M. Reed Hopper is a principal attorney with the Pacific Legal Foundation and chairman of the foundation’s Patriot Action League.
Few things in life are more uncertain than government regulation. Long-held understandings and settled expectations can literally change overnight in the fickle halls of officialdom. Consistent interpretations of federal law, relied on for years by the public, can abruptly change when federal agencies have a sudden change of heart about the scope or purpose of their authority, due to nothing more than the shifting policies of a new administration. Without the slightest change in the law, some federal agencies have taken it on themselves to redefine their regulatory role and push an agenda that is not only diametrically opposed to previous agency policy, but stands in direct violation of the law they are entrusted to enforce. This transparent attempt by grasping federal agencies to expand their power is becoming commonplace.
For example, the Food and Drug Administration (FDA) is authorized to regulate certain consumer products under the Food, Drug and Cosmetic Act. This authority does not extend to tobacco products, however. At least, that is what the FDA has said since 1914. For more than 80 years the FDA held to this interpretation because, among other reasons, Congress chose to regulate tobacco products directly through another law. Additionally, Congress has repeatedly refused to grant the FDA authority over tobacco products and the Food, Drug and Cosmetic Act itself does not specifically bestow on the FDA the power to regulate tobacco products. But in 1996, when it became popular to bash “Big Tobacco,” the agency did a complete about-face. Without any change in its congressional mandate, the FDA now claims it has authority to regulate tobacco products. Even those who find smoking repugnant should fear a federal agency that presumptuously wrests power from Congress because of a subjective belief it can do a better job.*
* Editor’s note: In March the Supreme Court ruled 5 to 4 that the FDA had no authority from Congress to regulate tobacco.
Similarly, the Clean Water Act authorizes the Army Corps of Engineers to issue permits “for the discharge of dredged and fill material into navigable waters.” In 1986 the Corps adopted regulations exempting from the permit requirement incidental soil movement (such as overflow from a bucket) occurring during normal dredging operations. The Corps stated in public documents that it did not have authority to regulate dredging, but only the discharge of dredged material. According to the Corps, this exemption for incidental soil movement was, therefore, required by the Act. But, in a sweetheart deal with environmental groups, the Corps reversed itself in 1993, claiming for the first time that the Act actually required the Corps to regulate the incidental movement of soil in U.S. waters.

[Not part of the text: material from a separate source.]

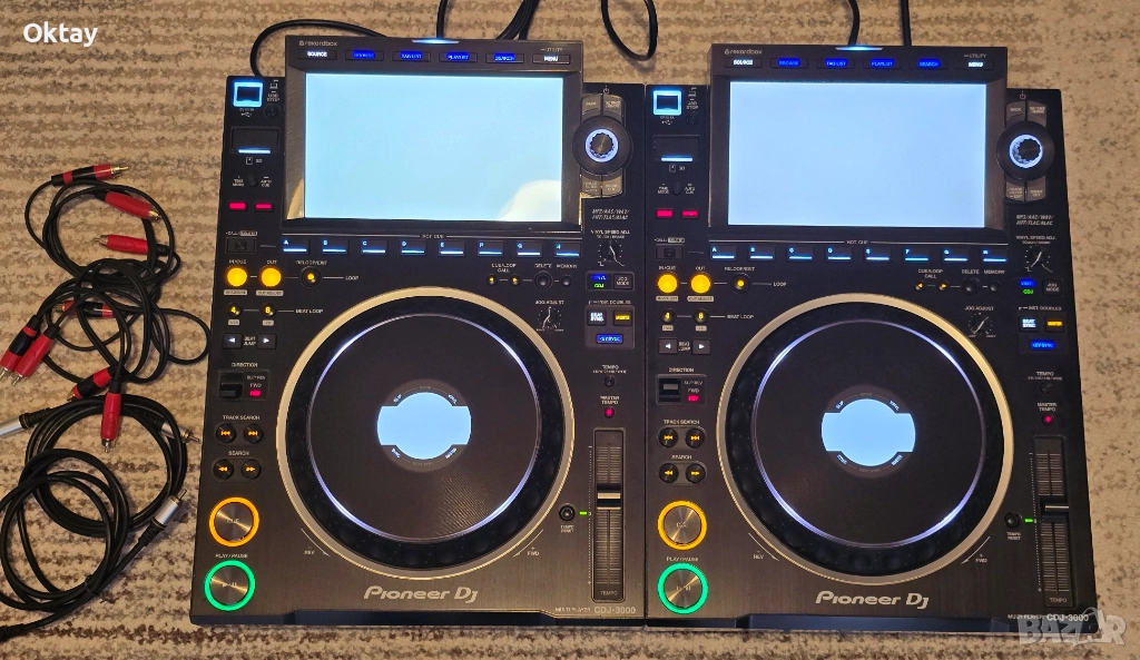 Плеърите са минали пълна профилактика преди седмица и са безупречни. С много леки следи от употреба. Ползвани са 3 летни сезона в петък и събота. Продават се поради ъпгрейд с 3000Х. В комплекта са всички кабели - захранващи, чинчове amphenol, spdif и LAN кабел. Чантите са UDG Creator на стойност около 500лв. Чантите нямат скъсано или протрито. Циповете също са здрави. Техниката не е разнасяна наляво-надясно и е складирана правилно, когато не се ползва. Към комплекта има подарък преносимо SSD Micron 1TB с USB-C + USB-A. Може да се видят и тестват при мен във Варна. За връзка ЛС.

One federal court chastised the Corps for this absurd new rule stating that it would allow the Corps to regulate virtually any water-related activity from digging a drainage ditch to riding a bicycle through a puddle-sized “wetland.”
Likewise, since 1934 the Taylor Grazing Act has authorized livestock grazing on the public range. For 60 years, in accordance with the Act, the Bureau of Land Management (BLM) consistently granted grazing permits only to applicants engaged in the livestock business and encouraged ranchers to invest in range improvements (such as fences and wells) that they would then own in partnership with the government. However, in 1995 the BLM decided to change the rules. Again, without any intervening change in the law, the Bureau decided to no longer grant grazing preferences to those in the livestock business, while range improvements built by private ranchers would be held henceforth only in the name of the United States. However one feels about public-grazing laws, every American should be outraged by government action that disrupts long-standing interpretations of federal law and reverses settled rights and expectations. If this could happen to one of us, it could happen to any of us.
These incidents are symptomatic of an increasing, and dangerous, government trend to change the law—by “reinterpreting” statutory mandates—to satisfy the political agenda of those in power. It is a remarkable breach of the public trust. Not only do public officials who engage in such sophistry usurp the role of Congress to make the laws, but they become a law unto themselves. By their arbitrariness, these officials threaten our concept of ordered liberty. How can we know that the protections we enjoy under the law today will be there tomorrow? Citizens are left to conclude that the “rule of law” has no meaning and that rules and regulations are based on personal whim. It is time that public officials stand firm in their office as fair and objective enforcers of the law and stop bending in the winds of political expediency. And it is time that we start holding public officials accountable for such blatant abuses of power, for if we don’t, we can expect to see a continuing erosion of our rights under the law.